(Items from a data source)
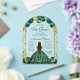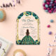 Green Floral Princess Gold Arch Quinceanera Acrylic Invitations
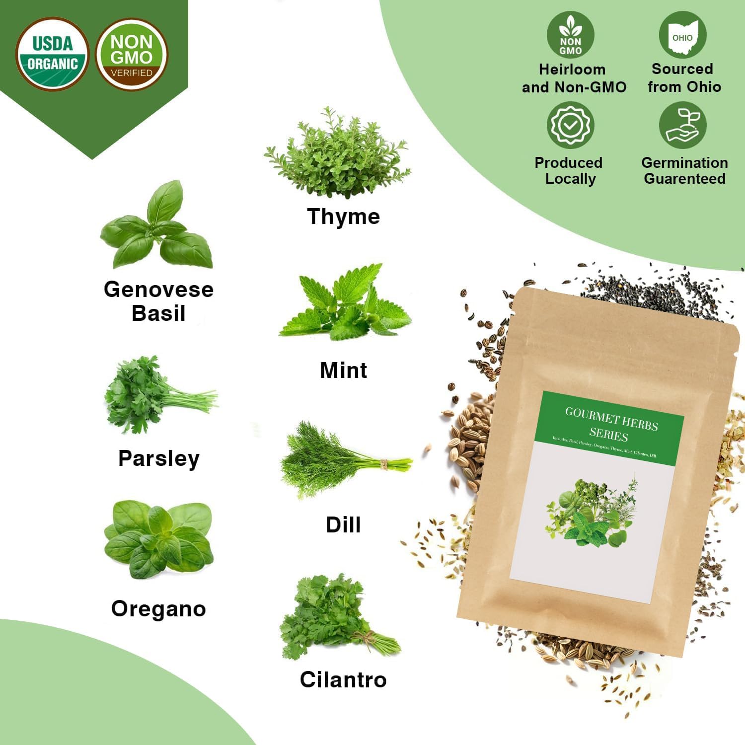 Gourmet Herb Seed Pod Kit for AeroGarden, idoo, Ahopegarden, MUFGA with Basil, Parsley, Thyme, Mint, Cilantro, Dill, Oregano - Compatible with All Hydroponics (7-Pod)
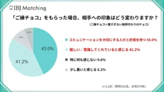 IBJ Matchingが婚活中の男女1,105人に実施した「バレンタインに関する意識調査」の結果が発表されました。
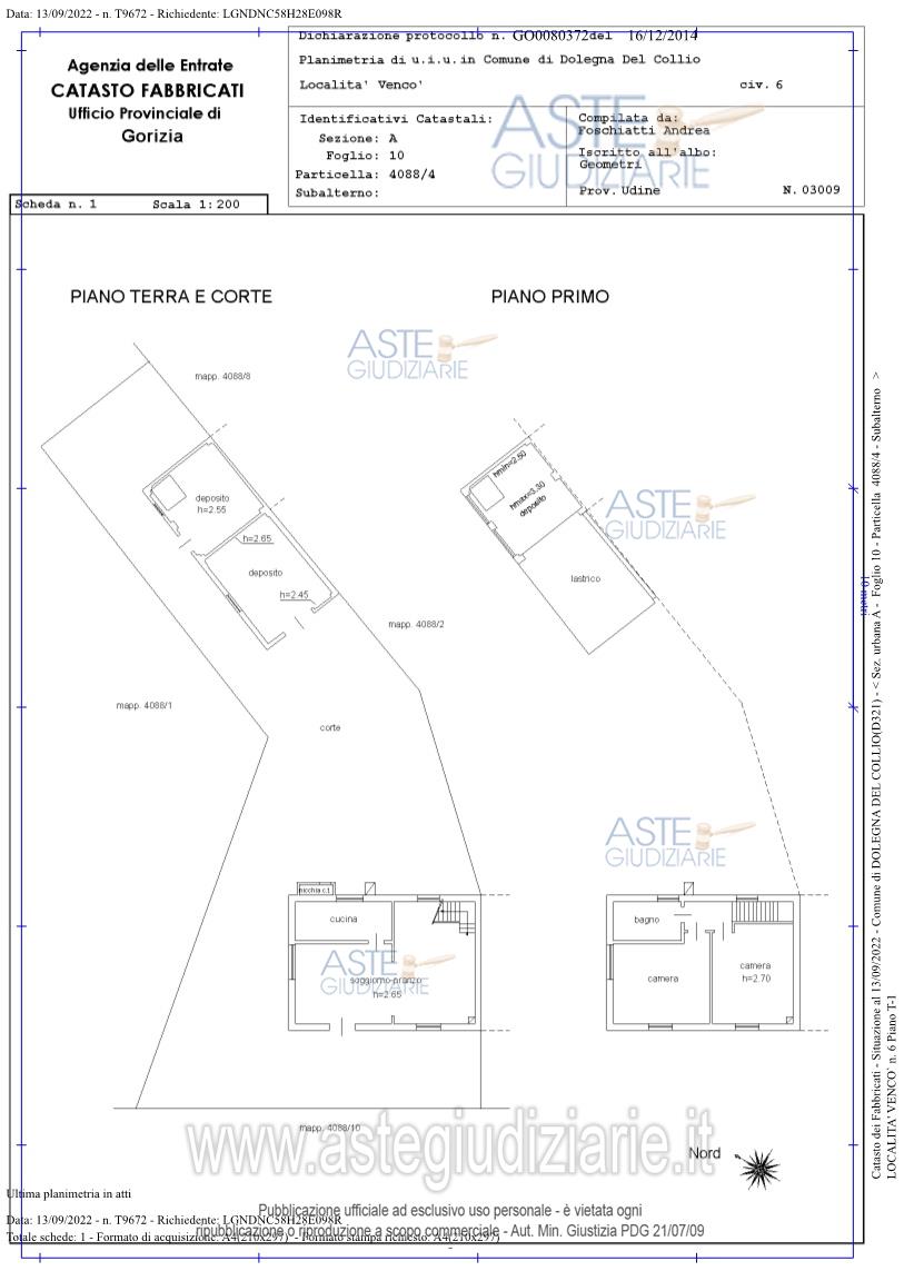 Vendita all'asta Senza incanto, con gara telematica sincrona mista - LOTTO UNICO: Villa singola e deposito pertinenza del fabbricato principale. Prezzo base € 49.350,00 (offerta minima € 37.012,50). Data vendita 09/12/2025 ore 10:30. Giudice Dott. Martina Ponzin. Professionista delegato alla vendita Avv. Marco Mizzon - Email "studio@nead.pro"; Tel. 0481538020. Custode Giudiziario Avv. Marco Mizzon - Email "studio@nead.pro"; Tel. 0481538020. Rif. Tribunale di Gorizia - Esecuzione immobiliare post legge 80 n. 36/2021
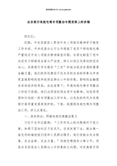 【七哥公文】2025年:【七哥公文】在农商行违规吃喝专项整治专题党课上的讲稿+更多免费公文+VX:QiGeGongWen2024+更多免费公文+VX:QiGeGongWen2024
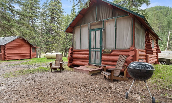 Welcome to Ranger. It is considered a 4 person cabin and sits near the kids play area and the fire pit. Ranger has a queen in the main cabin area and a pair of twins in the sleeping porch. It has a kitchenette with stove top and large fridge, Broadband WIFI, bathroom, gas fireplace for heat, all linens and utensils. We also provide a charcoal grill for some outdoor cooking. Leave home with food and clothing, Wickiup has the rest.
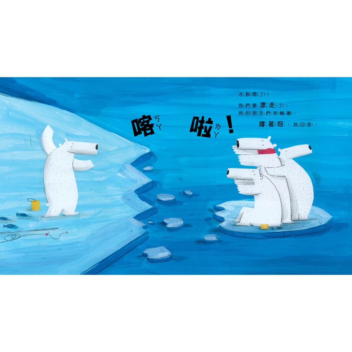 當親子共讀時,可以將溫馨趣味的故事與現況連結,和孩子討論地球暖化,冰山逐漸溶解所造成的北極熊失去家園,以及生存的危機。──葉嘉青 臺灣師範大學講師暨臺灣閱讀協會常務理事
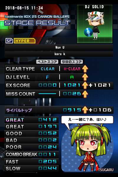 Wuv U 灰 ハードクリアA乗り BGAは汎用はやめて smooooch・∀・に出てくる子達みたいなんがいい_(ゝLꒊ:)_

▶ [WHAT YOU HAVE TO DO]: Please print every record exactly, leaving out the pictures.

▶ [RESULT OF THIS EXERCISE]:
 Green Floral Princess Gold Arch Quinceanera Acrylic Invitations
 Gourmet Herb Seed Pod Kit for AeroGarden, idoo, Ahopegarden, MUFGA with Basil, Parsley, Thyme, Mint, Cilantro, Dill, Oregano - Compatible with All Hydroponics (7-Pod)
 IBJ Matchingが婚活中の男女1,105人に実施した「バレンタインに関する意識調査」の結果が発表されました。
 Vendita all'asta Senza incanto, con gara telematica sincrona mista - LOTTO UNICO: Villa singola e deposito pertinenza del fabbricato principale. Prezzo base € 49.350,00 (offerta minima € 37.012,50). Data vendita 09/12/2025 ore 10:30. Giudice Dott. Martina Ponzin. Professionista delegato alla vendita Avv. Marco Mizzon - Email "studio@nead.pro"; Tel. 0481538020. Custode Giudiziario Avv. Marco Mizzon - Email "studio@nead.pro"; Tel. 0481538020. Rif. Tribunale di Gorizia - Esecuzione immobiliare post legge 80 n. 36/2021
 【七哥公文】2025年:【七哥公文】在农商行违规吃喝专项整治专题党课上的讲稿+更多免费公文+VX:QiGeGongWen2024+更多免费公文+VX:QiGeGongWen2024
 Welcome to Ranger. It is considered a 4 person cabin and sits near the kids play area and the fire pit. Ranger has a queen in the main cabin area and a pair of twins in the sleeping porch. It has a kitchenette with stove top and large fridge, Broadband WIFI, bathroom, gas fireplace for heat, all linens and utensils. We also provide a charcoal grill for some outdoor cooking. Leave home with food and clothing, Wickiup has the rest.
 當親子共讀時,可以將溫馨趣味的故事與現況連結,和孩子討論地球暖化,冰山逐漸溶解所造成的北極熊失去家園,以及生存的危機。──葉嘉青 臺灣師範大學講師暨臺灣閱讀協會常務理事
 Wuv U 灰 ハードクリアA乗り BGAは汎用はやめて smooooch・∀・に出てくる子達みたいなんがいい_(ゝLꒊ:)_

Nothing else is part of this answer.